Every line of the records below from the line with "王琳媛一直怀着一颗感恩的心,感谢国家,感" up to and including the line with "Practical stainless steel" must be reproduced exactly, and no line outside that range.

● **Extracted material**:
--------------------
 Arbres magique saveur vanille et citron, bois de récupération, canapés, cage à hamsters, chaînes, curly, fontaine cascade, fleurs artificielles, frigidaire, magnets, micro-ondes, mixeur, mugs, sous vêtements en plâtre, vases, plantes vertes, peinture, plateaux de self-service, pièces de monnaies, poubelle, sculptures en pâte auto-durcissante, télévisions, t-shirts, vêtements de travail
--------------------
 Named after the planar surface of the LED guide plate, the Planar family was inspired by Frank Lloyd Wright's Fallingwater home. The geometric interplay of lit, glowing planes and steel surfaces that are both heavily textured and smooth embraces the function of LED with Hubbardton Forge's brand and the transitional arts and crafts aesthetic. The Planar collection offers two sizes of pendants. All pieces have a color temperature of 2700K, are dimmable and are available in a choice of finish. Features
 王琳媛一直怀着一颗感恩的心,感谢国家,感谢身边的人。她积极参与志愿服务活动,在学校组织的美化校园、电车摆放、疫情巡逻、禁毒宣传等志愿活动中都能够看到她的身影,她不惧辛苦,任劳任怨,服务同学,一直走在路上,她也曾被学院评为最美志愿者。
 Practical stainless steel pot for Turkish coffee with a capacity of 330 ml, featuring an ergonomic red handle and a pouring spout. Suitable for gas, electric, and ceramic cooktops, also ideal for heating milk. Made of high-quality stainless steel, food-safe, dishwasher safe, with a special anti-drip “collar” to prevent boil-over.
--------------------
● **Output of the task**:
 王琳媛一直怀着一颗感恩的心,感谢国家,感谢身边的人。她积极参与志愿服务活动,在学校组织的美化校园、电车摆放、疫情巡逻、禁毒宣传等志愿活动中都能够看到她的身影,她不惧辛苦,任劳任怨,服务同学,一直走在路上,她也曾被学院评为最美志愿者。
 Practical stainless steel pot for Turkish coffee with a capacity of 330 ml, featuring an ergonomic red handle and a pouring spout. Suitable for gas, electric, and ceramic cooktops, also ideal for heating milk. Made of high-quality stainless steel, food-safe, dishwasher safe, with a special anti-drip “collar” to prevent boil-over.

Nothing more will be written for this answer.